I know the probability ranges from the 40s to the 60s depending on which site but I think they’re cooked. I don’t expect the Seahawks to win another game until maybe the Rams finale in Week 18. Maybe.

Final Notes

  • Darrell Taylor recorded a sack. So did Bruce Irvin. Those were cool plays but watching them against the run is a different story.
  • The officials botching the offsides on Geno’s interception was compounded by a fictitious horse collar flag on Uchenna Nwosu. They weren’t anywhere near the reason the Seahawks lost.
  • I thought the pass protection largely held up without being anything dominant. Abe Lucas looked like he got beat badly for a sack, though.
  • DK Metcalf had a touchdown but a brutal drop on what would’ve been a first down grab when Seattle was backed up near its goal line. That is his 7th drop of the year according to Pro Football Reference. Maybe this is just taking the good with the bad but I really do not like that we’re in year four and he still drops gimmes.
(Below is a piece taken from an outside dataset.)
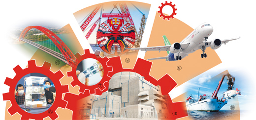 圖⑩:“十三五”時(shí)期,“蛟龍”探海、大飛機(jī)首飛等創(chuàng)新成果競(jìng)相涌現(xiàn)。圖為“蛟龍”號(hào)載人潛水器離開“向陽紅09”科學(xué)考察船準(zhǔn)備進(jìn)入西太平洋,進(jìn)行中國(guó)大洋38航次最后一潛。(2017年6月13日拍攝)
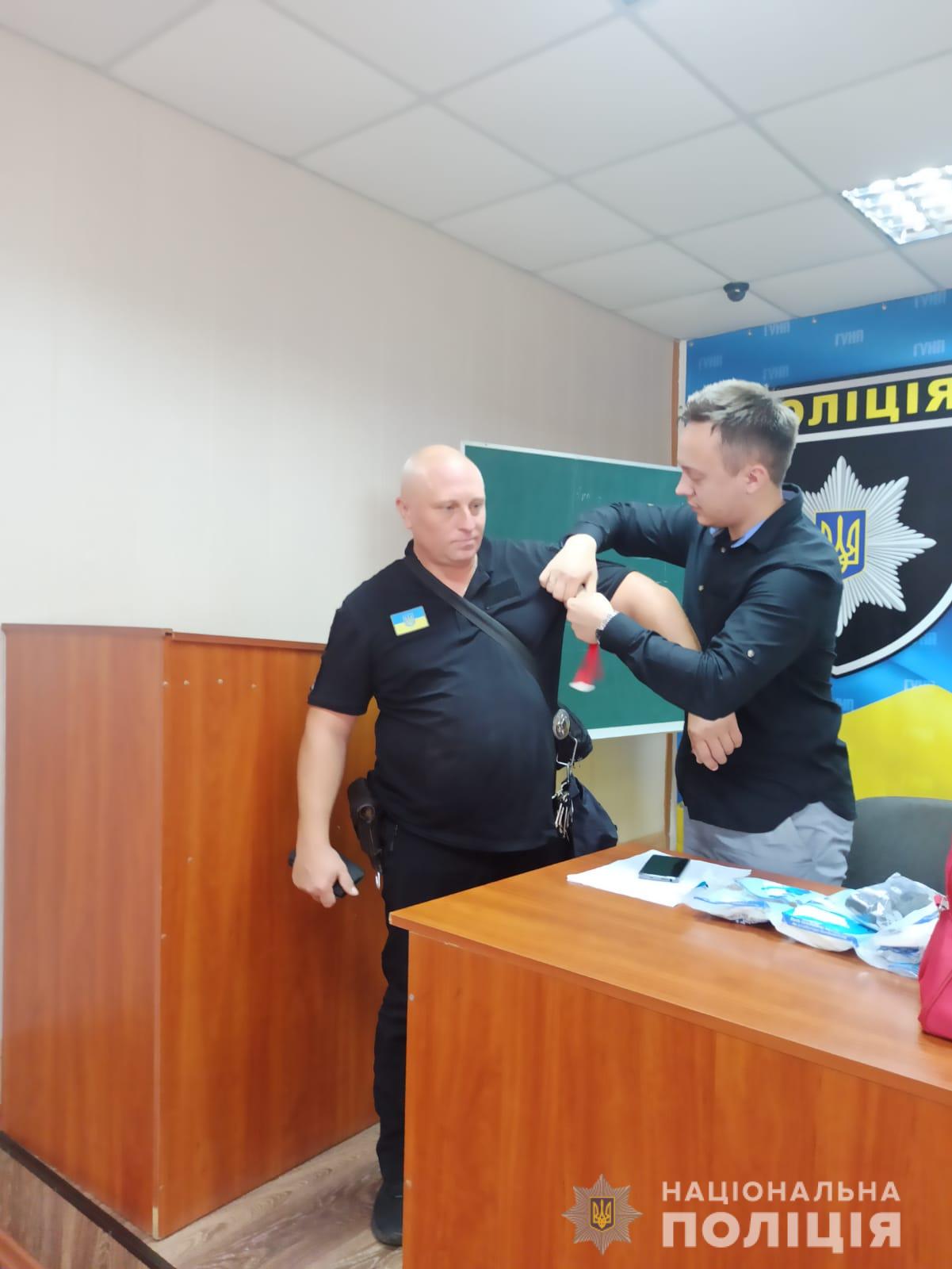 Лікар-травматолог Олександр Кононенко та лікар-хірург Євген Усенко провели для поліцейських практичні заняття, на яких розповіли про способи зупинки кровотечі, методи накладання турнікета та тиснучої пов'язки.

  • Just three catches for 30 yards for the tight ends today. Noah Fant put up a goose egg in the box score.
  • This team has categorically no chance against the 49ers with the way this defense is performing and with how shaky the offense has been with turnovers and injuries. Just keep the score close and I’ll be satisfied. At this point it’s time to focus on the big draft needs. Seattle has a lot of pieces to be great again soon, but they’re a ways off from being elite.